* **TASK DESCRIPTION**
Return each line of the listing exactly, though without its images.

* **RECORDED DATA**
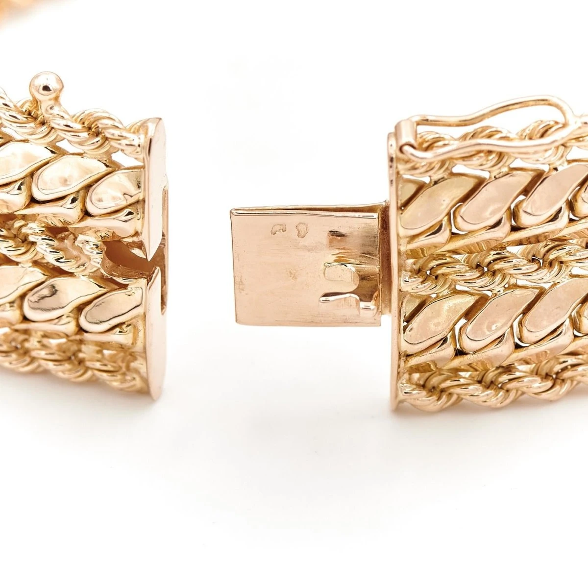 Bracelet en or jaune 750 millièmes (18 carats). maille gourmette et torsadée. fermoir en huit de sécurité. longueur : 20.5cm. largeur : 2.3cm. poids : 53.11g. poinçon tête d’aigle. excellent état.
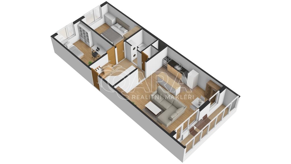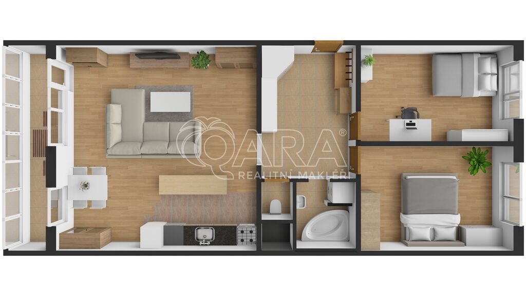 Byt je částečně zařízený nábytkem a vybavený kuchyňskou linkou se spotřebiči, což umožňuje okamžité bydlení bez nutnosti větších investic. V koupelně a na WC je zděné jádro a v chodbě najdete praktické vestavěné skříně. Může to být skvělá příležitost i k okamžitému pronájmu!
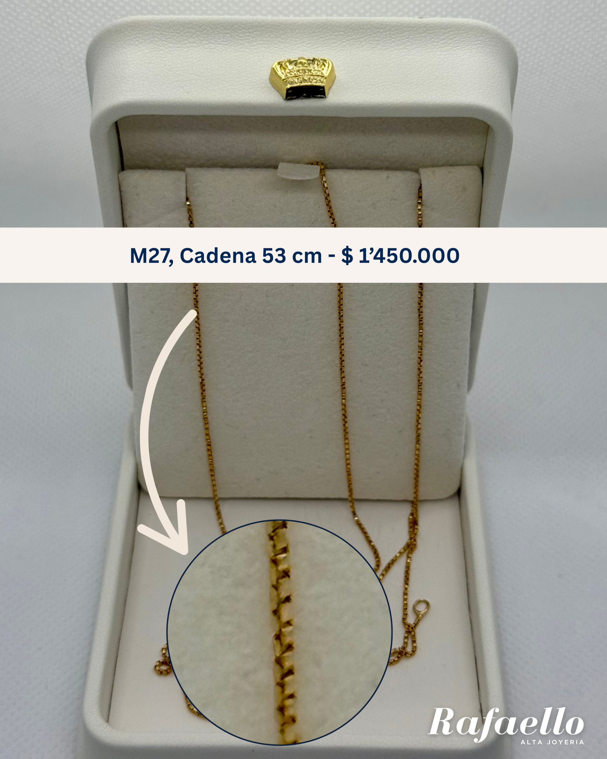 M-27 | Cadena tejido rectángulos en oro italiano de 18 kilates de 53 cm, peso aproximado 2,5 g, sin gemas.
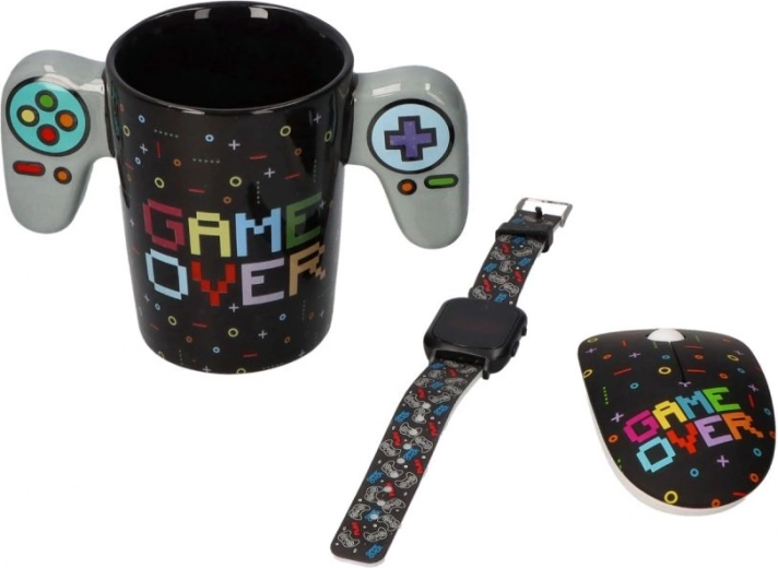 Profitez de votre boisson préférée avec une touche de nostalgie vidéoludique. Cette tasse en céramique noire au motif GAME OVER propose un design atypique avec deux anses en forme de manettes et des boutons colorés. Son look ludique s’accompagne d’une prise en main confortable et de dimensions pratiques pour un usage quotidien.

* **TASK ANSWER**
 Bracelet en or jaune 750 millièmes (18 carats). maille gourmette et torsadée. fermoir en huit de sécurité. longueur : 20.5cm. largeur : 2.3cm. poids : 53.11g. poinçon tête d’aigle. excellent état.
 Byt je částečně zařízený nábytkem a vybavený kuchyňskou linkou se spotřebiči, což umožňuje okamžité bydlení bez nutnosti větších investic. V koupelně a na WC je zděné jádro a v chodbě najdete praktické vestavěné skříně. Může to být skvělá příležitost i k okamžitému pronájmu!
 M-27 | Cadena tejido rectángulos en oro italiano de 18 kilates de 53 cm, peso aproximado 2,5 g, sin gemas.
 Profitez de votre boisson préférée avec une touche de nostalgie vidéoludique. Cette tasse en céramique noire au motif GAME OVER propose un design atypique avec deux anses en forme de manettes et des boutons colorés. Son look ludique s’accompagne d’une prise en main confortable et de dimensions pratiques pour un usage quotidien.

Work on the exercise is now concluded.